从变量中删除const-ness

Question

i'm trying to remove const-ness from a variable (char*), but for some reason when i try to change the value, the original value of the const variable still remains the same.

 const char* str1 = "david";
 char* str2 = const_cast<char *> (str1);
 str2 = "tna";

now the value of str2 changes but the original value of str1 remains the same, i've looked it up on Google but couldn't find a clear answer.

when using const_cast and changing the value, should the original of the const variable change as well ?

Answer 1

The type of str1 is const char* . It is the char that is const , not the pointer. That is, it's a pointer to const char . That means you can't do this:

str1[0] = 't';

That would change the value of one of the const char s.

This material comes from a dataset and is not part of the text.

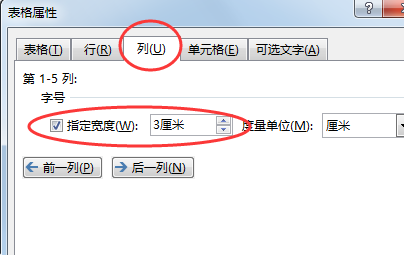 5、再选择“列”,勾选指定宽度前面的勾选框,输入需要的数字。

Now, what you're doing when you do str2 = "tna"; is changing the value of the pointer. That's fine. You're just changing str2 to point at a different string literal. Now str1 and str2 are pointing to different strings.

With your non- const pointer str2 , you could do str2[0] = 't'; - however, you'd have undefined behaviour. You can't modify something that was originally declared const . In particular, string literals are stored in read only memory and attempting to modify them will bring you terrible misfortune.

If you want to take a string literal and modify it safely, initialise an array with it:

char str1[] = "david";

This will copy the characters from the string literal over to the char array. Then you can modify them to your liking.

Answer 2

str2 is simply a pointer. And your code just changes the value of the pointer, the address, not the string to which it points.

What's more, what you are attempting to do leads to undefined behaviour , and will most likely result in runtime errors. All modern compilers will store your string "david" in read-only memory. Attempts to modify that memory will lead to memory protection errors.